Her eyes slammed shut and she slapped the picture against her chest as though trying to cradle him. To protect him. I noticed a shiny trail spill over her lashes.

“My God, Charley. You told me, but—”

“I know.” I wrapped an arm in hers.

She hugged it to her and patted my hand.

I let her have a minute to absorb what she’d seen. To get her emotions under control.

The picture was, I believed, a trophy. According to Reyes’s sister, Kim, Earl Walker would take explicit photos of Reyes, then hide them in the walls everywhere they lived. And they were on the move constantly, so that could have been dozens of places. She said the pictures were blackmail, meant to keep Reyes in line. That could be, though I tended to think they’d be more like souvenirs. Keepsakes from his exploits. But why he would put them in the walls baffled me. If they really were trophies, wouldn’t he take them? Why leave them where they could be found—and had been, in Ms. Faye’s case—and used against him?

Then I realized that Earl probably wasn’t in any of those photos. They were all of Reyes.

In the picture Ms. Faye had given me, Earl seemed to purposely shame Reyes. That was the worst part of it. He’d tied him up and blindfolded him, though I’d had no trouble recognizing Reyes’s perfect form. His mussed dark hair. His full mouth. The smooth, fluidly mechanical tattoos along his shoulders and arms. The rope bit into his flesh. It reopened wounds that appeared to have been healing. He looked about sixteen in the picture, his face turned away, his lips pressed together in humiliation. Huge patches of black bruises marred his neck and ribs. Long garish cuts, some fresh, some half healed, streaked along his arms and torso.

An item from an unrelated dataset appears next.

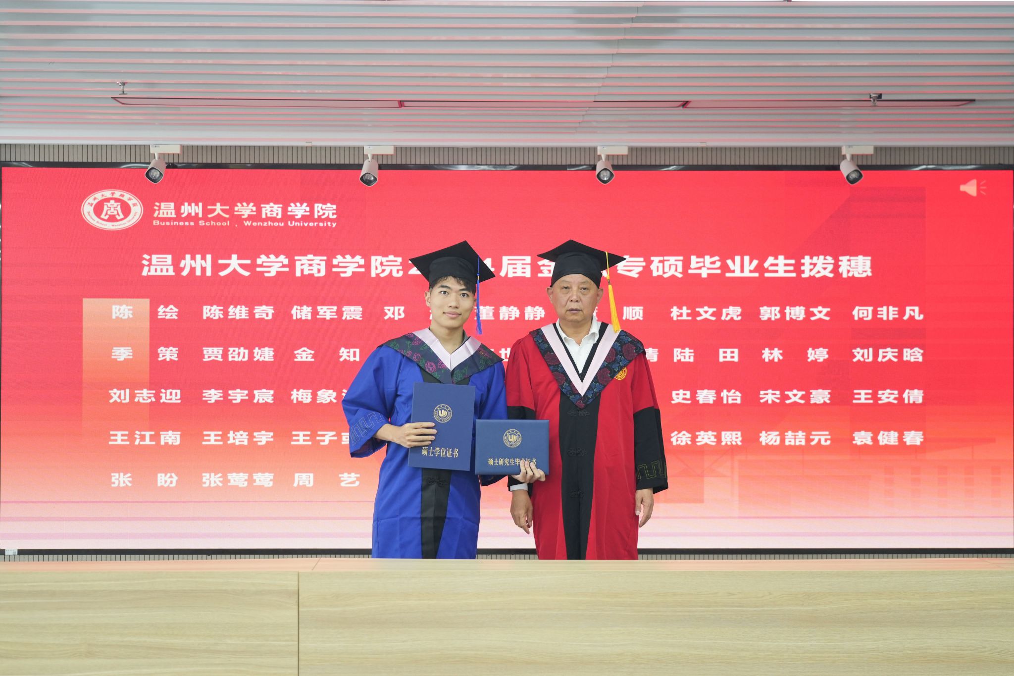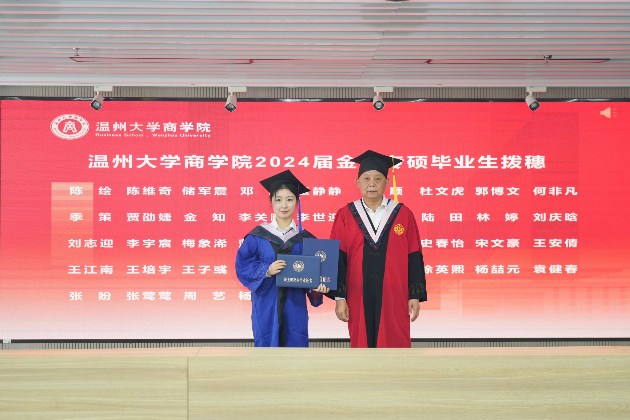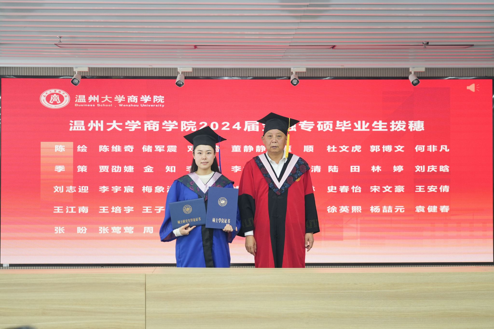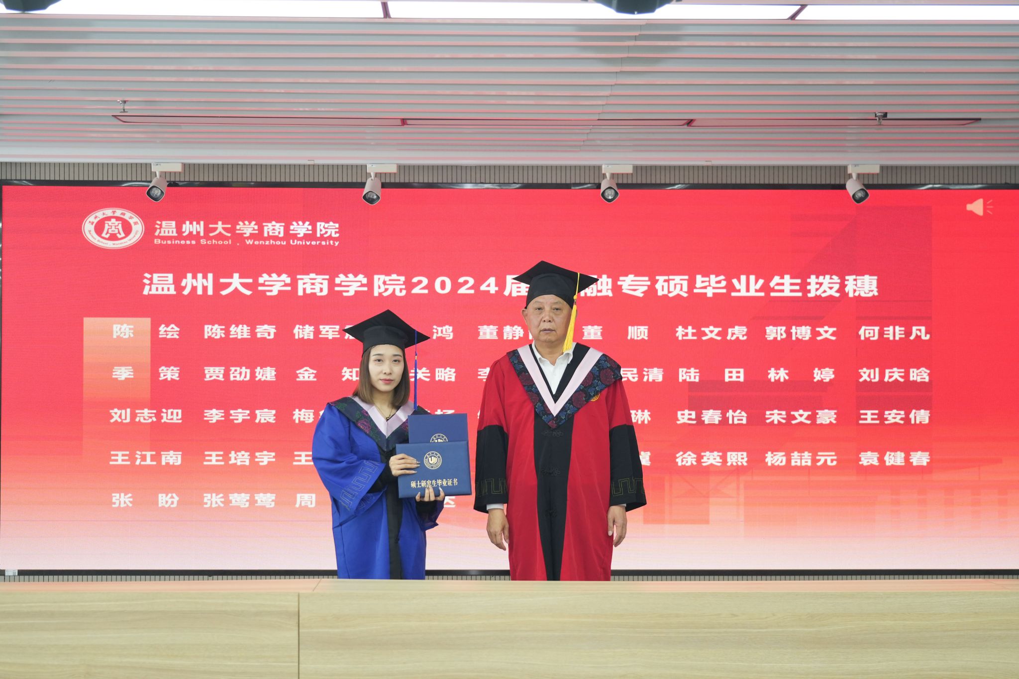 拨穗象征着成熟,代表着毕业生们硕果累累、学有所成。胡振华经理为每一位毕业生颁发毕业证书、学位证书、拨穗,并合影留念。

I could never erase the image from my mind, though I’d considered trying electroshock therapy just to give it a try. It would have been worth it. And yet I kept the picture. To this day, I had no idea why I didn’t burn it the minute I got it.

“I can’t imagine what his life was like,” Cookie said, staring off into space.

“Me neither. He saved mine tonight. He fought off a demon that was hell-bent on ripping my throat out.”

She tensed in alarm. “Charley, are you serious?”

“Yes. I’ve been so angry with him, but all he’s ever done is save my life. Again and again growing up. I’m not sure I have the right to be angry with him.”